A programação também chamou atenção para o papel das mulheres negras na preservação de conhecimentos, tradições e práticas culturais transmitidas ao longo das gerações.
Muitas dessas mulheres são responsáveis pela manutenção de famílias, comunidades, negócios e projetos culturais, mesmo diante de dificuldades de acesso ao crédito, à qualificação e aos espaços de comercialização.
Cultura também gera renda
A feira instalada na Casa de Praia Zezinho Corrêa permitiu que artesãs e empreendedoras apresentassem produtos inspirados na cultura afro-brasileira e na identidade amazônica.
Peças artesanais, alimentos, roupas, acessórios e outros produtos transformaram o evento em uma vitrine para a economia criativa e para o trabalho desenvolvido por mulheres negras em Manaus.

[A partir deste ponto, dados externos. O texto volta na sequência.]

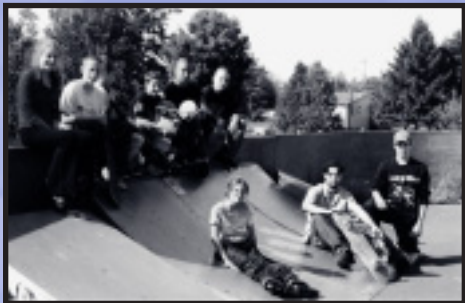
Quelques passionnés du skate park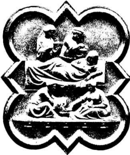
100. kép. ANDREA PISANO: Ker. Szent János születése. (Bronzrelief. Firenze, S. Giovanni.)

teremtését és fejlődését s az emberi foglalkozásokat ábrázolják ezek a reliefek. Hatszögű mezőkbe nagy művészettel szerkesztett, kevésvel sokatmondó kompozí- ciókat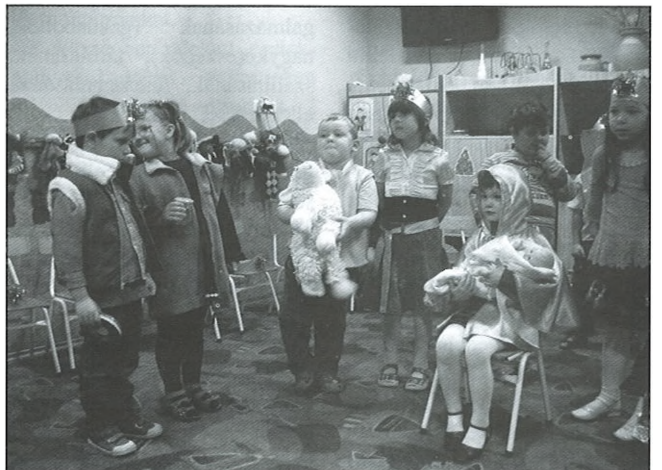
Betlehemes jelenet a Csillag csoportban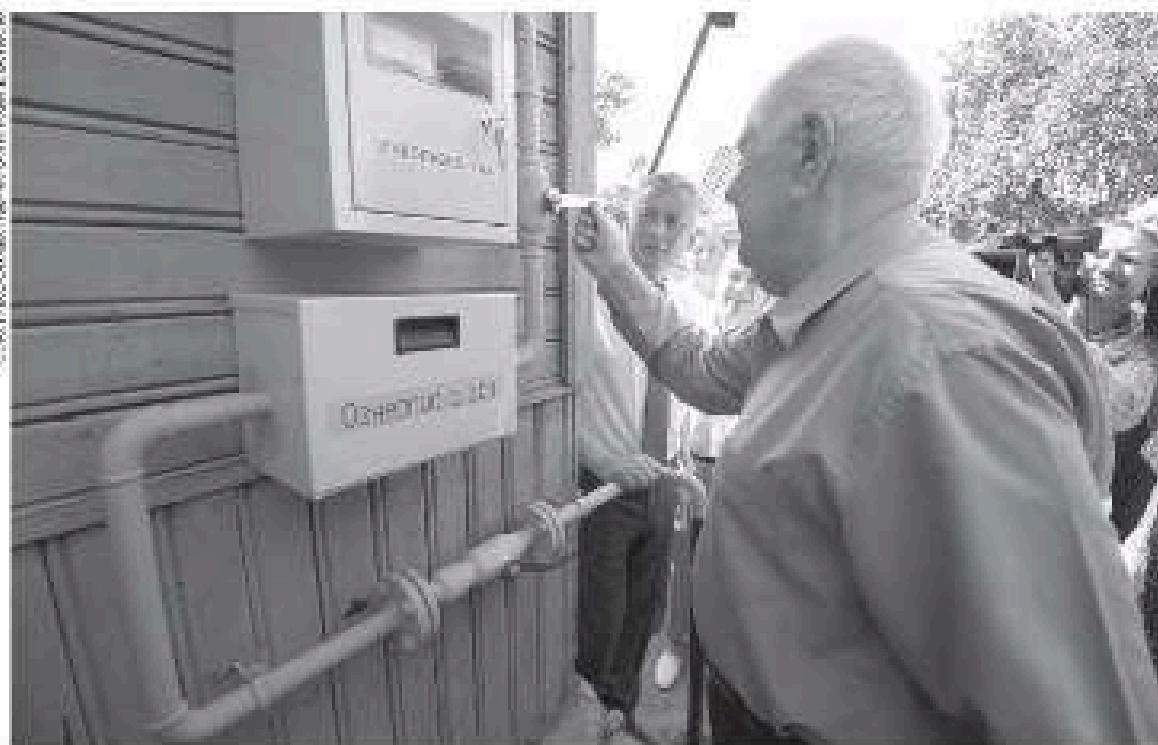
Область субсидирует расходы на проведение работ по догазификации в границах земельного участка

Один из главных энергетических трендов Ленобласти в последние годы – программа газификации домовладений. Это бесплатное подведение газа к земельным участкам за счёт ПАО «Газпром». Людям остается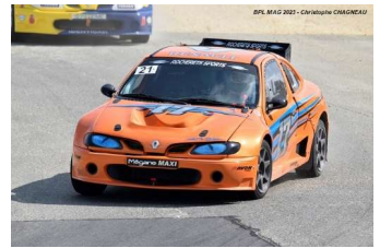
Rallycross 4WD : Ford RS200 Evo1 – Audi Quattro S1 E2 – BMW 318 Ti T3F – Renault Mégane T3F V6 PR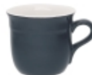
Hrnek 0,27 l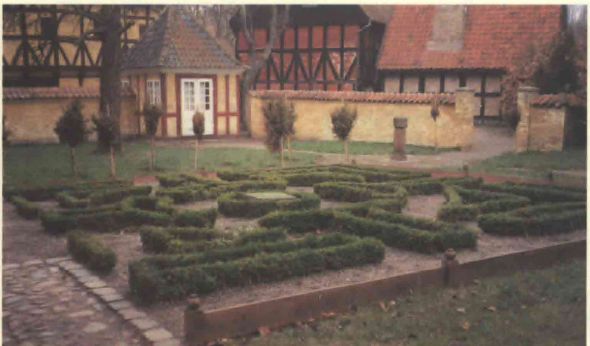
2. Borgmestergaardens have med bed efter Hans Rasmussen Block, med sirlige mønstre i buksbom, kantet af en rødmalet træramme med guldknapper.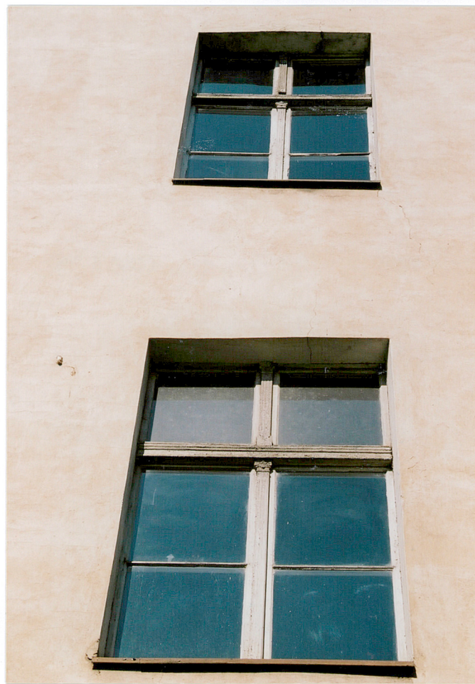
Elewacja szczytowa (wschodnia) – stolarka okienna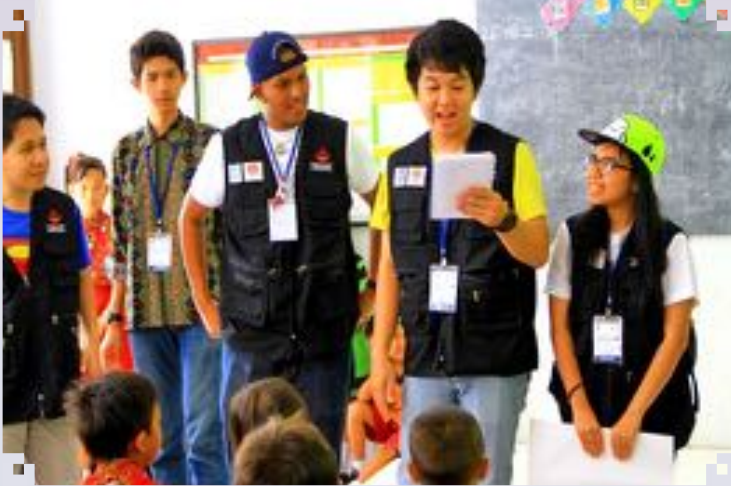
Program Sukarelawan Belia Profesional ASEAN ASEAN Young Professionals Volunteer Corps Programme 24 August to 8 September 2013, Palembang, Indonesia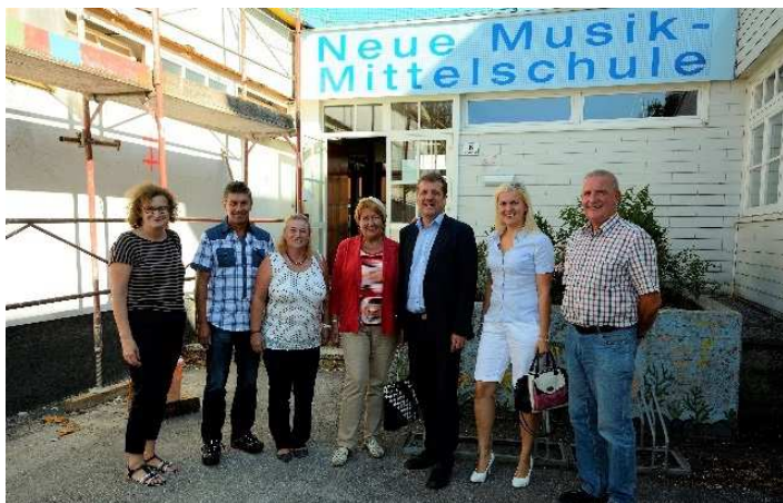
2015: Lokalausweis bei der Turnsaal- und Schulküche-Sanierung

Nichtdestotrotz laufen die Vorbereitungen dafür in verschränkter Weise und wir konnten in der letzten GR-Sitzung den Auftrag für die Generalsanierung der NMS an die OÖ Wohnbau mit einem Planungsentwurf samt Kostenschätzung und Workshop bzw. pädagogischer Prozessbegleitung beschließen.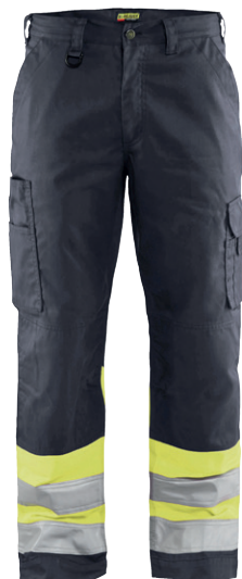
1564 / HIGH VIS ARBEITSHOSE / 63.50€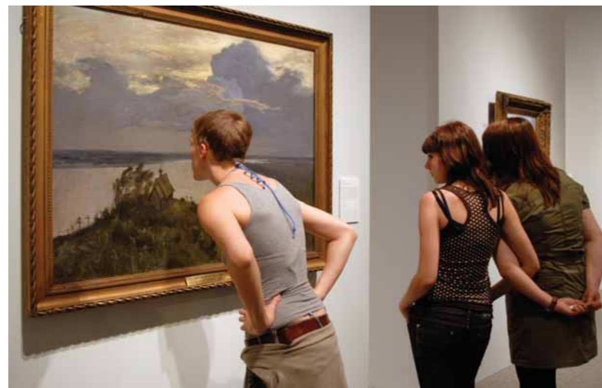
Посетители перед пейзажем И.И. Левитана «Над вечным покоем»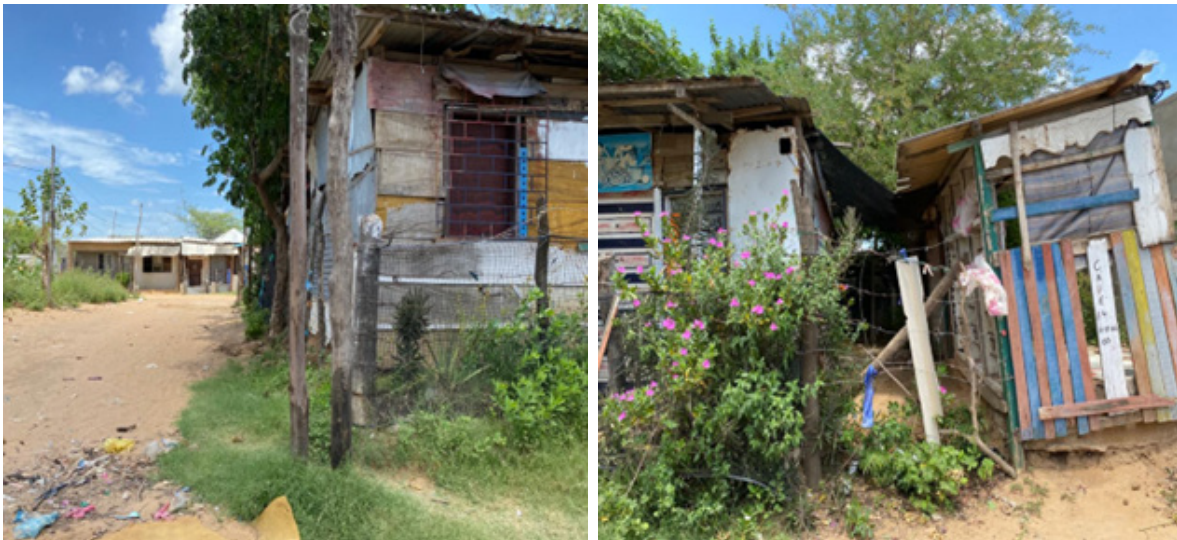
Imagen 4. Los “cambuches” imágenes de viviendas donde residen los inmigrantes

“... con mis compañeros, si no tienen una moneda, están asfixiados peleamos, es difícil ”. ET6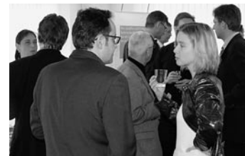
Discussion animée et échanges d'idées à l'heure de l'apéro.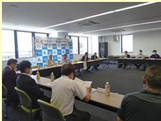
第2回常任委員会の様子

A artesã Marlúcia Silva afirmou que iniciativas desse tipo contribuem para conquistar novos clientes, ampliar a renda familiar e fortalecer o reconhecimento do artesanato como instrumento de transformação social.
“É muito importante ter esse espaço para expor nossos produtos, conquistar novos clientes, gerar renda para nossas famílias e manter viva a cultura e a ancestralidade presentes em cada peça produzida”, afirmou.
Além do aspecto econômico, a feira mostrou que o empreendedorismo pode funcionar como caminho para a autonomia financeira e para o fortalecimento da identidade cultural.
Memória, resistência e futuro
Celebrado em diferentes regiões do país, o “Julho das Pretas” faz referência ao Dia Internacional da Mulher Negra Latino-Americana e Caribenha e ao Dia Nacional de Tereza de Benguela e da Mulher Negra, ambos lembrados em 25 de julho.
A data homenageia a resistência de mulheres negras que enfrentaram a escravidão, o racismo e as desigualdades sociais, ao mesmo tempo em que reconhece a atuação das mulheres que continuam lutando por direitos, respeito e oportunidades.
Em Manaus, o encerramento da programação reafirmou a cultura afro-brasileira como parte fundamental da identidade da cidade.
Ao reunir ancestralidade, arte, empreendedorismo e educação antirracista, o “Julho das Pretas” mostrou que a valorização da cultura negra não deve se limitar a um mês do calendário, mas integrar de forma permanente as políticas públicas, os espaços culturais e a vida social da capital amazonense.